Although absorbed iron requirements increase with age [49], our study shows that the prevalence of anemia is lower for children above 24 months than younger ones. This could be because children above the age of one year eat a variety of foods high in iron, such as meats, poultry, fish, and cereals, which could be used as a supplement to meet the increased anemia requirements [50,51].

Birth weight, stunting, wasting, and underweight are strong indicators of malnutrition, and all of these variables are strongly related to anemia in our study (p < 0.01). These are the same factors that have been found to be risk factors in numerous studies [14,15,31,46]. Nutritional inadequacies may also impair immunity, which, in turn, can have associations with low concentrations of hemoglobin (anemia) [52].

Having diarrhea and fever is also associated with anemia in this study.
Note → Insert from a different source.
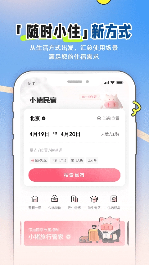 在小猪民宿可以在山海间找到宁静的栖息地,或在市井胡同中享受酣眠;也能入住INS风格的网红民宿,体验老洋房和四合院的独特魅力。从北京到三亚,从海边到深山,从国内到海外,无论是在冰天雪地的漠北,还是在万绿归宗的云南,亦或是精彩纷呈的东南亚,只要您打开小猪,就能找到属于您的特色居所,享受超乎想象的旅行时光。

Present diarrhea, current fever, and a history of diarrhea in the past seven days were all linked to an elevated risk of anemia in an Indonesian study [53]. Although the origin of fever is unknown, a fall in hemoglobin content may be connected to a probable illness that compromises immunity [54]. Moreover, in diarrhea, loss of nutrition can lead to low iron concentration, which ultimately results in anemia [55].

The potential strength of our study is the use of all available data (NDHS 2006 to 2016); this enables us to have a large sample size. In addition, geospatial analysis allows us to gain a better insight to locate the high- and low-hotspot areas of anemia across the country. Likewise, this study fills gaps in the knowledge relating to social determinants of childhood anemia in Nepal. Despite its strength, these findings should be interpreted considering its limitations. Some of the independent variables such as birth size, weight, fever, and diarrhea are taken subjectively, which might lead to recall bias. In addition, as this is a self-report survey and uses the census method, census bias and information bias cannot be inevitable. Similarly, our study uses a HemoCue device for measurement of anemia, which has had some technical changes over the years for improving the precision of measurement, thus limiting accurate comparability over the years.

5. Conclusions

This study shows the prevalence of anemia among children in Nepal in different DHS survey years from 2006 to 2016 where the national average prevalence rate is around 50 percent (48.9% in 2006 and 46.4% in 2011 and 52.2% in 2016). Spatial analysis reveals the nonrandom distribution with statistically significant hotspots and coldspots in different parts of the county. Several factors including mother’s age, mother’s educational level, socioeconomic status of household, number of under-5 children, household size, birth weight, underweight, stunting, diarrhea, and fever were found associated with anemia. Findings of this study could be useful in the formulation strategies related with childhood anemia in Nepal. The government intervention strategies should be spatially explicit and more resources should be allocated in the hotspots explored in this study as present strategies seem to be inadequate, to lower the prevalence and underlining cause of anemia. Further, the disparity of results, seen across the different time periods in different regions in this study, suggest the need of further studies to be conducted in this area.